[[ Records supplied open ]]
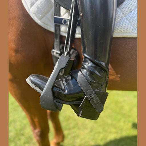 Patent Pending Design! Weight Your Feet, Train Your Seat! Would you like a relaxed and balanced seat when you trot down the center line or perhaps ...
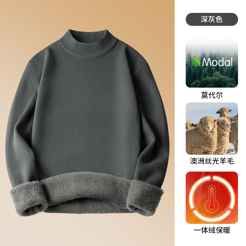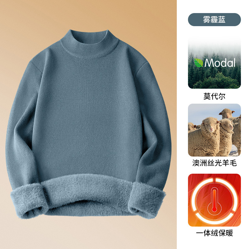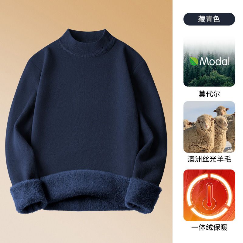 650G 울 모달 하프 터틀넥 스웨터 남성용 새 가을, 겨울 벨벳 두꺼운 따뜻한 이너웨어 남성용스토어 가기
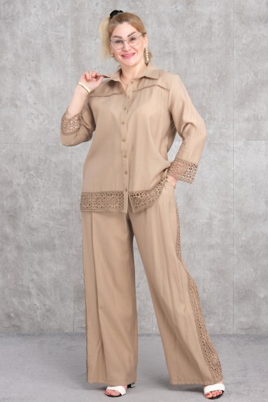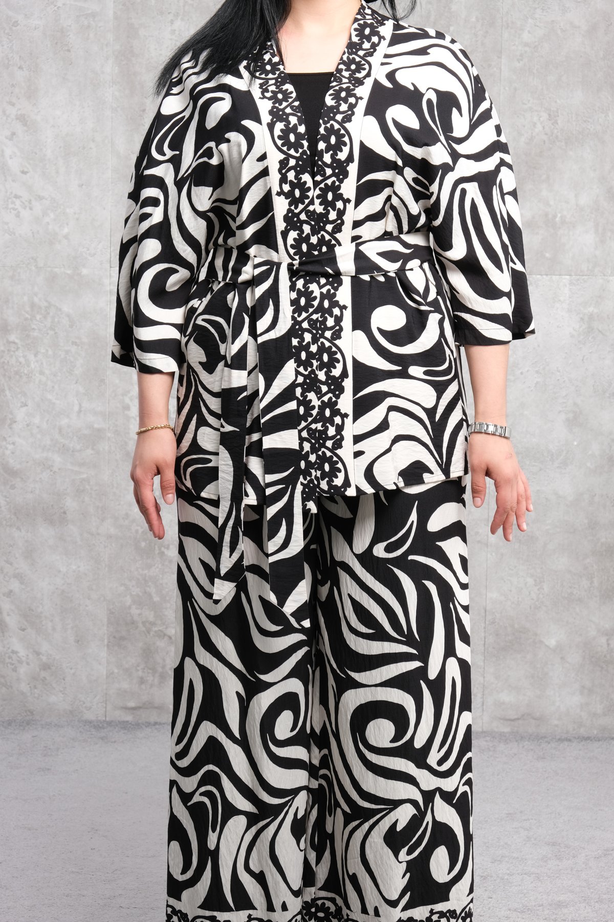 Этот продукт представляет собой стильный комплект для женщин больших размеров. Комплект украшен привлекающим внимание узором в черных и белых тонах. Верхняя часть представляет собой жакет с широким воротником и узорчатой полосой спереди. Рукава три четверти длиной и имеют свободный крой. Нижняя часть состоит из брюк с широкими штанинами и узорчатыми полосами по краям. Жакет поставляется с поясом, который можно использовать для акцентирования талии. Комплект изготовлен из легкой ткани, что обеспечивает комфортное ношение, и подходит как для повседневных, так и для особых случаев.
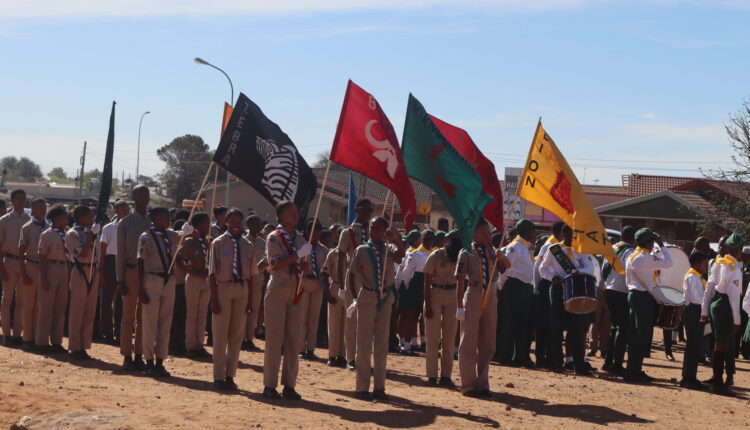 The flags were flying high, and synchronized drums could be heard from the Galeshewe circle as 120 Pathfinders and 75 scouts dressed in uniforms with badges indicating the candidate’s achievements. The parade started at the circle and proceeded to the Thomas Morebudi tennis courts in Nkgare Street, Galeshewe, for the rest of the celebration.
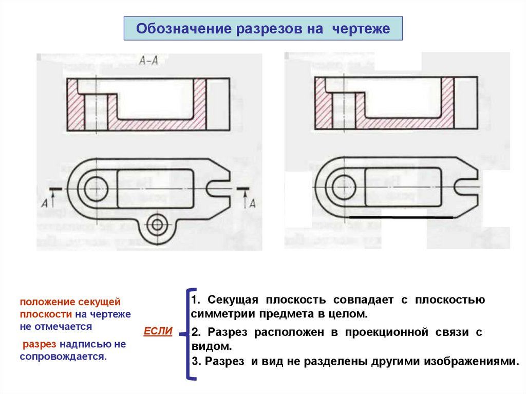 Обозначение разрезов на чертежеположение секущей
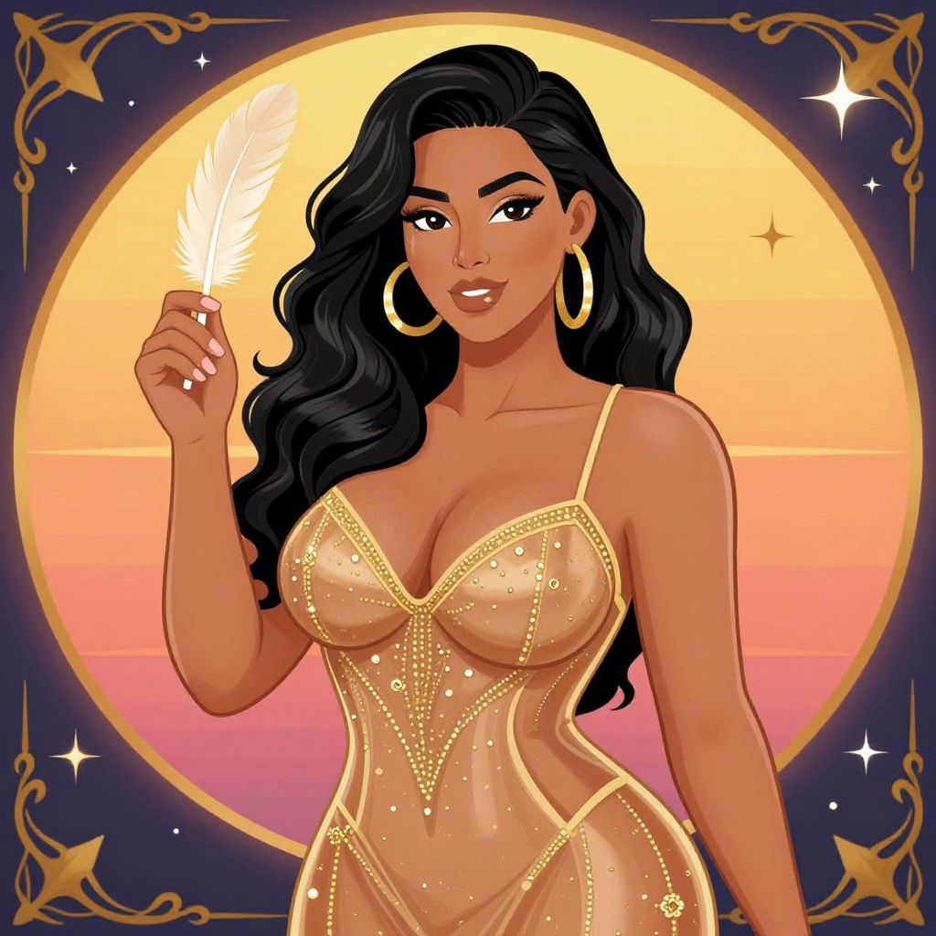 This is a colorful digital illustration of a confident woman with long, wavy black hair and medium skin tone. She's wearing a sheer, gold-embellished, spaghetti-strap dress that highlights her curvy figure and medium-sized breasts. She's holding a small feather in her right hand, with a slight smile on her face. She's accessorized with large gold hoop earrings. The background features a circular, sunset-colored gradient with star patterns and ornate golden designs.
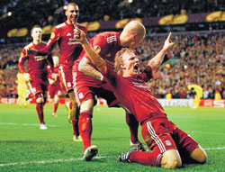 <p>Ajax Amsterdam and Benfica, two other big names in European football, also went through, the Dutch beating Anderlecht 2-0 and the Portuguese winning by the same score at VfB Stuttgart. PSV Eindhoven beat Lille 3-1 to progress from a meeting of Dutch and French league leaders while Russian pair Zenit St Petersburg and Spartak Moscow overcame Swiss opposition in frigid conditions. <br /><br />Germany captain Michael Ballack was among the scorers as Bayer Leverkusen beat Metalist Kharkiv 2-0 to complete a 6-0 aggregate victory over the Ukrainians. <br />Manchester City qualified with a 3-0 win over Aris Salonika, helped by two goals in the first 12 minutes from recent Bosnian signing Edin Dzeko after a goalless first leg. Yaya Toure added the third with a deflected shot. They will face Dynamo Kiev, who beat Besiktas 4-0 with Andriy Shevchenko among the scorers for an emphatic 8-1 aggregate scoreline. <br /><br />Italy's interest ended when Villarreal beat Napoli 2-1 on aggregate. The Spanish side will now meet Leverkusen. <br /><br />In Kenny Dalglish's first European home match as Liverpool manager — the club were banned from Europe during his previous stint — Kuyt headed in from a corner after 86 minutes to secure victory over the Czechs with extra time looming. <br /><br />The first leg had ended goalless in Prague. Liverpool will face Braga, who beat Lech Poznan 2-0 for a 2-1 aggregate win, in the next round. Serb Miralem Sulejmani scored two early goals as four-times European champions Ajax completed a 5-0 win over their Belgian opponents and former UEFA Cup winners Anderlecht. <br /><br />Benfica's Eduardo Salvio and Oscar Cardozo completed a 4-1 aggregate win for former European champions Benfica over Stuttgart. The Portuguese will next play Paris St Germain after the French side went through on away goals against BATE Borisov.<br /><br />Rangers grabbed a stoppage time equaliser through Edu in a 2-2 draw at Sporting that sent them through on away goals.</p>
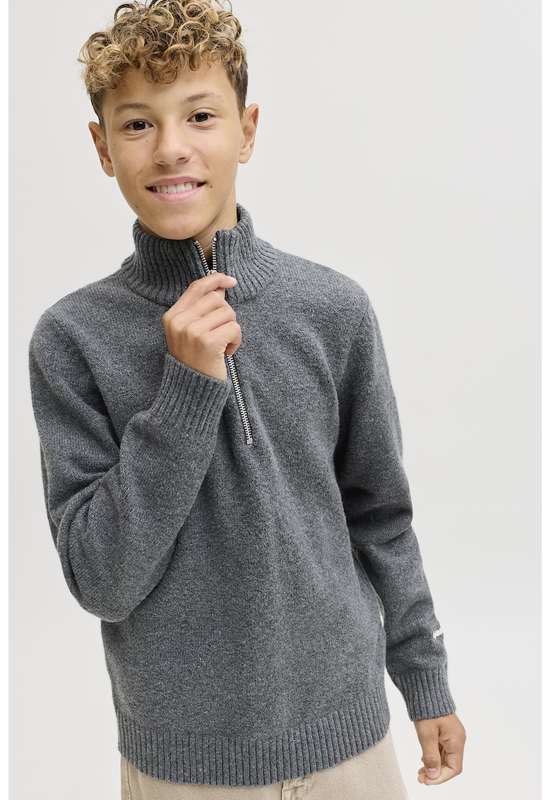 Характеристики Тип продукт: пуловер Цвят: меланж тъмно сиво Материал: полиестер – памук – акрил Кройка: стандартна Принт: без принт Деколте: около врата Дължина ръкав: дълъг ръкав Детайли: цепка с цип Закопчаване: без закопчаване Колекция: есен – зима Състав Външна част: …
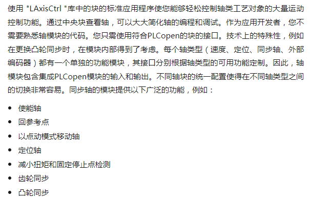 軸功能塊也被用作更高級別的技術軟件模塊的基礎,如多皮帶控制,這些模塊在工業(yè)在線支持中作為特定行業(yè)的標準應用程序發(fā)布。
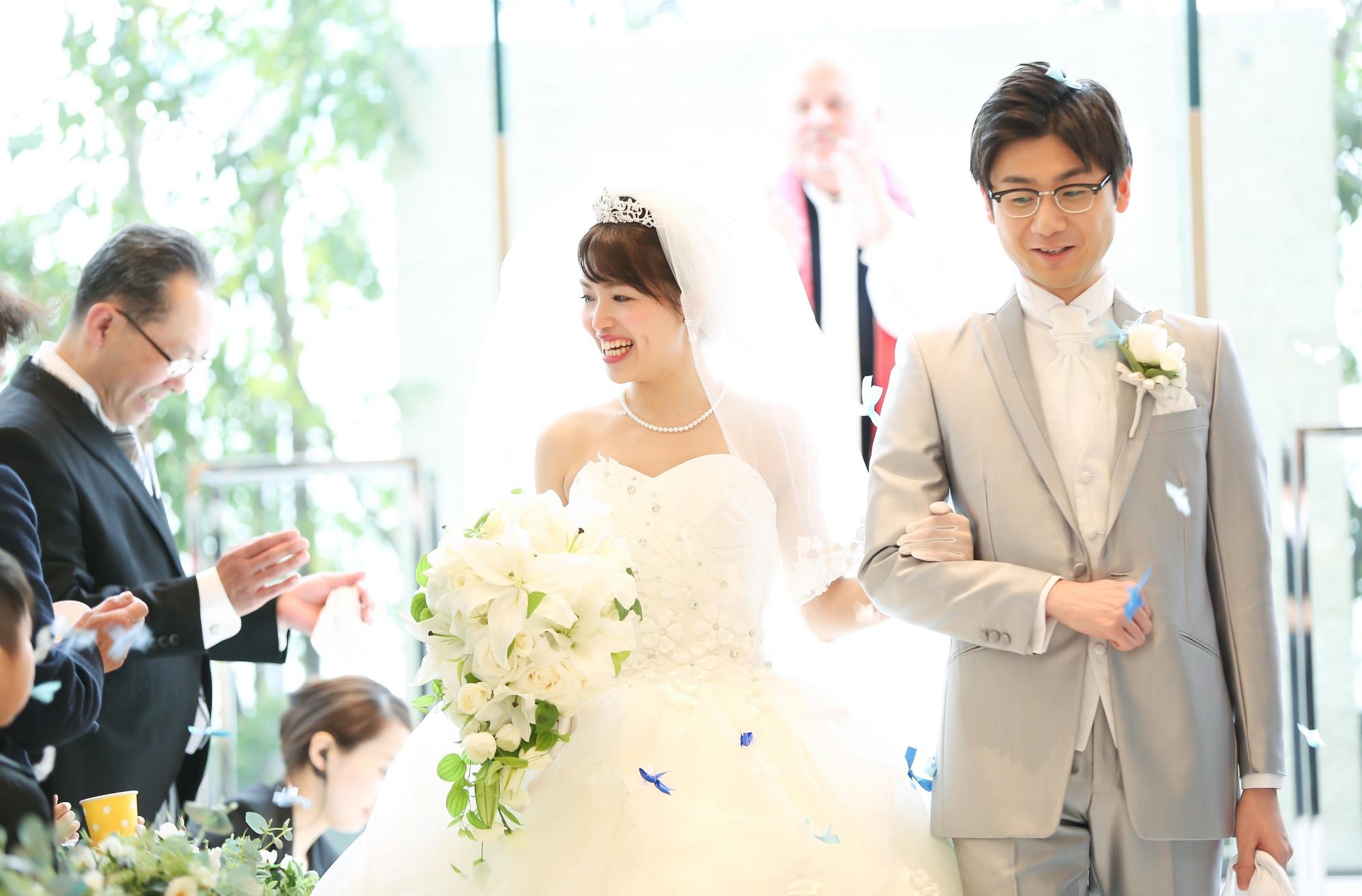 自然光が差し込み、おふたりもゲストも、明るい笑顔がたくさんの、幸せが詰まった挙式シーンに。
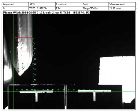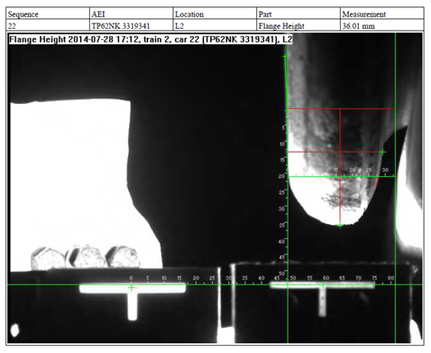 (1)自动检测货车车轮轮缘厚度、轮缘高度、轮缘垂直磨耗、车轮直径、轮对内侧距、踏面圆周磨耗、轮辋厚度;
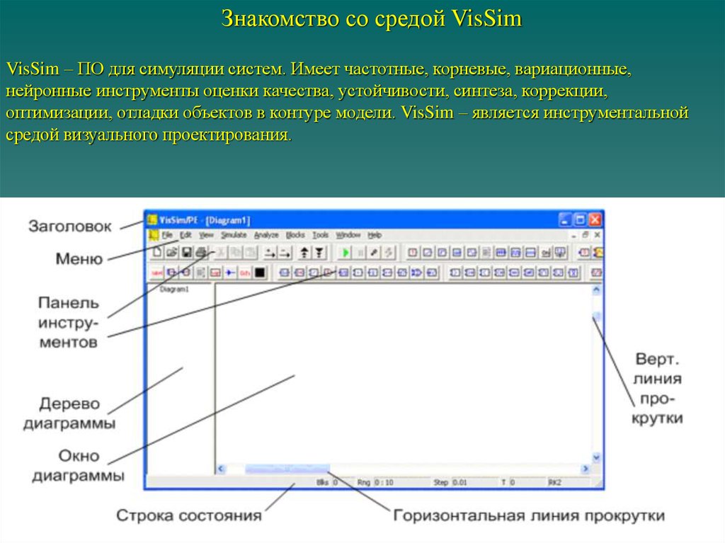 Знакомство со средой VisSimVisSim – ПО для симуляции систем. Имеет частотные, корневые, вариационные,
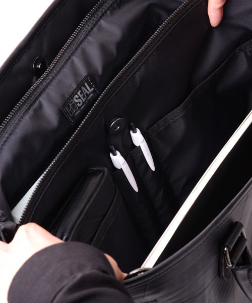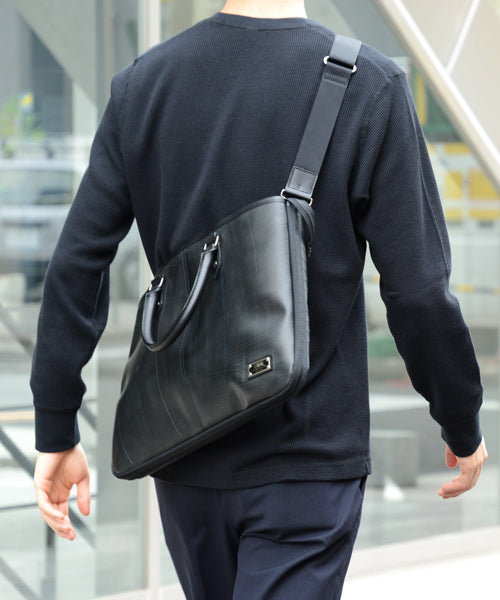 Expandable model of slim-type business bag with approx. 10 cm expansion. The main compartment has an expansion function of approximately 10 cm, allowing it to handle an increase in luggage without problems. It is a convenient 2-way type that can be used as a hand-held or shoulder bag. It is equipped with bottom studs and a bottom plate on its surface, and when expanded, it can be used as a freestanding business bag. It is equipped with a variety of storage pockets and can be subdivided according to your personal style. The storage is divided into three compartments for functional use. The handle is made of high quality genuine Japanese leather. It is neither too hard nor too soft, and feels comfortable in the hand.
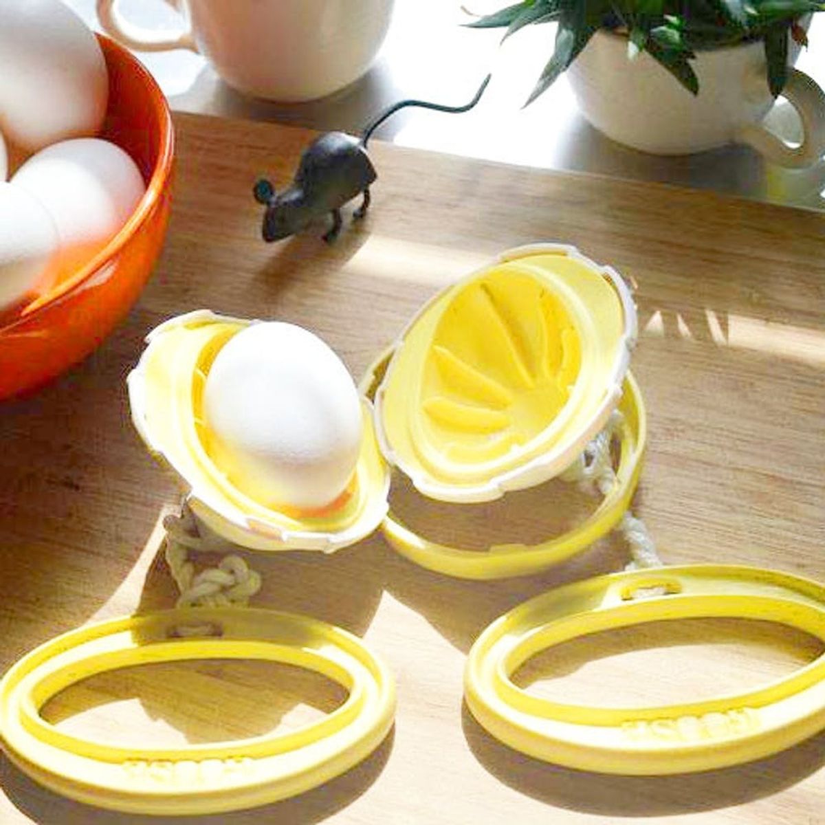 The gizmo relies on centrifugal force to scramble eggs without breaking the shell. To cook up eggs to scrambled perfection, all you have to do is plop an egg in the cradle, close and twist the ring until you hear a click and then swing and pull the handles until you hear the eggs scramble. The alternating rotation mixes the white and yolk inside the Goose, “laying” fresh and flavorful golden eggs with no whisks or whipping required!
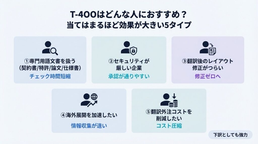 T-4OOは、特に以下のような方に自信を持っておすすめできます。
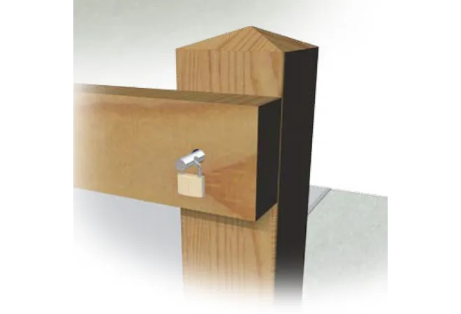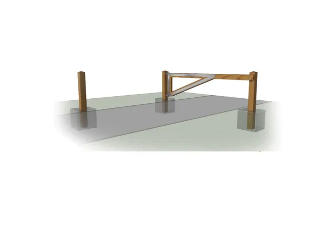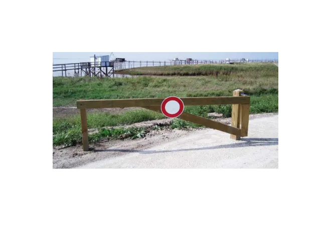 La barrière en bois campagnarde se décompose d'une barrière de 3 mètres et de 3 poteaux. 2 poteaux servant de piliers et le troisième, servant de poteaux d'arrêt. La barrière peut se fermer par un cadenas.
[[ Records supplied closed ]]
* [What is needed] Without copying any images, transcribe the records exactly as they stand.

* [Written solution]
 Patent Pending Design! Weight Your Feet, Train Your Seat! Would you like a relaxed and balanced seat when you trot down the center line or perhaps ...
 650G 울 모달 하프 터틀넥 스웨터 남성용 새 가을, 겨울 벨벳 두꺼운 따뜻한 이너웨어 남성용스토어 가기
 Этот продукт представляет собой стильный комплект для женщин больших размеров. Комплект украшен привлекающим внимание узором в черных и белых тонах. Верхняя часть представляет собой жакет с широким воротником и узорчатой полосой спереди. Рукава три четверти длиной и имеют свободный крой. Нижняя часть состоит из брюк с широкими штанинами и узорчатыми полосами по краям. Жакет поставляется с поясом, который можно использовать для акцентирования талии. Комплект изготовлен из легкой ткани, что обеспечивает комфортное ношение, и подходит как для повседневных, так и для особых случаев.
 The flags were flying high, and synchronized drums could be heard from the Galeshewe circle as 120 Pathfinders and 75 scouts dressed in uniforms with badges indicating the candidate’s achievements. The parade started at the circle and proceeded to the Thomas Morebudi tennis courts in Nkgare Street, Galeshewe, for the rest of the celebration.
 Обозначение разрезов на чертежеположение секущей
 This is a colorful digital illustration of a confident woman with long, wavy black hair and medium skin tone. She's wearing a sheer, gold-embellished, spaghetti-strap dress that highlights her curvy figure and medium-sized breasts. She's holding a small feather in her right hand, with a slight smile on her face. She's accessorized with large gold hoop earrings. The background features a circular, sunset-colored gradient with star patterns and ornate golden designs.
 <p>Ajax Amsterdam and Benfica, two other big names in European football, also went through, the Dutch beating Anderlecht 2-0 and the Portuguese winning by the same score at VfB Stuttgart. PSV Eindhoven beat Lille 3-1 to progress from a meeting of Dutch and French league leaders while Russian pair Zenit St Petersburg and Spartak Moscow overcame Swiss opposition in frigid conditions. <br /><br />Germany captain Michael Ballack was among the scorers as Bayer Leverkusen beat Metalist Kharkiv 2-0 to complete a 6-0 aggregate victory over the Ukrainians. <br />Manchester City qualified with a 3-0 win over Aris Salonika, helped by two goals in the first 12 minutes from recent Bosnian signing Edin Dzeko after a goalless first leg. Yaya Toure added the third with a deflected shot. They will face Dynamo Kiev, who beat Besiktas 4-0 with Andriy Shevchenko among the scorers for an emphatic 8-1 aggregate scoreline. <br /><br />Italy's interest ended when Villarreal beat Napoli 2-1 on aggregate. The Spanish side will now meet Leverkusen. <br /><br />In Kenny Dalglish's first European home match as Liverpool manager — the club were banned from Europe during his previous stint — Kuyt headed in from a corner after 86 minutes to secure victory over the Czechs with extra time looming. <br /><br />The first leg had ended goalless in Prague. Liverpool will face Braga, who beat Lech Poznan 2-0 for a 2-1 aggregate win, in the next round. Serb Miralem Sulejmani scored two early goals as four-times European champions Ajax completed a 5-0 win over their Belgian opponents and former UEFA Cup winners Anderlecht. <br /><br />Benfica's Eduardo Salvio and Oscar Cardozo completed a 4-1 aggregate win for former European champions Benfica over Stuttgart. The Portuguese will next play Paris St Germain after the French side went through on away goals against BATE Borisov.<br /><br />Rangers grabbed a stoppage time equaliser through Edu in a 2-2 draw at Sporting that sent them through on away goals.</p>
 Характеристики Тип продукт: пуловер Цвят: меланж тъмно сиво Материал: полиестер – памук – акрил Кройка: стандартна Принт: без принт Деколте: около врата Дължина ръкав: дълъг ръкав Детайли: цепка с цип Закопчаване: без закопчаване Колекция: есен – зима Състав Външна част: …
 軸功能塊也被用作更高級別的技術軟件模塊的基礎,如多皮帶控制,這些模塊在工業(yè)在線支持中作為特定行業(yè)的標準應用程序發(fā)布。
 自然光が差し込み、おふたりもゲストも、明るい笑顔がたくさんの、幸せが詰まった挙式シーンに。
 (1)自动检测货车车轮轮缘厚度、轮缘高度、轮缘垂直磨耗、车轮直径、轮对内侧距、踏面圆周磨耗、轮辋厚度;
 Знакомство со средой VisSimVisSim – ПО для симуляции систем. Имеет частотные, корневые, вариационные,
 Expandable model of slim-type business bag with approx. 10 cm expansion. The main compartment has an expansion function of approximately 10 cm, allowing it to handle an increase in luggage without problems. It is a convenient 2-way type that can be used as a hand-held or shoulder bag. It is equipped with bottom studs and a bottom plate on its surface, and when expanded, it can be used as a freestanding business bag. It is equipped with a variety of storage pockets and can be subdivided according to your personal style. The storage is divided into three compartments for functional use. The handle is made of high quality genuine Japanese leather. It is neither too hard nor too soft, and feels comfortable in the hand.
 The gizmo relies on centrifugal force to scramble eggs without breaking the shell. To cook up eggs to scrambled perfection, all you have to do is plop an egg in the cradle, close and twist the ring until you hear a click and then swing and pull the handles until you hear the eggs scramble. The alternating rotation mixes the white and yolk inside the Goose, “laying” fresh and flavorful golden eggs with no whisks or whipping required!
 T-4OOは、特に以下のような方に自信を持っておすすめできます。
 La barrière en bois campagnarde se décompose d'une barrière de 3 mètres et de 3 poteaux. 2 poteaux servant de piliers et le troisième, servant de poteaux d'arrêt. La barrière peut se fermer par un cadenas.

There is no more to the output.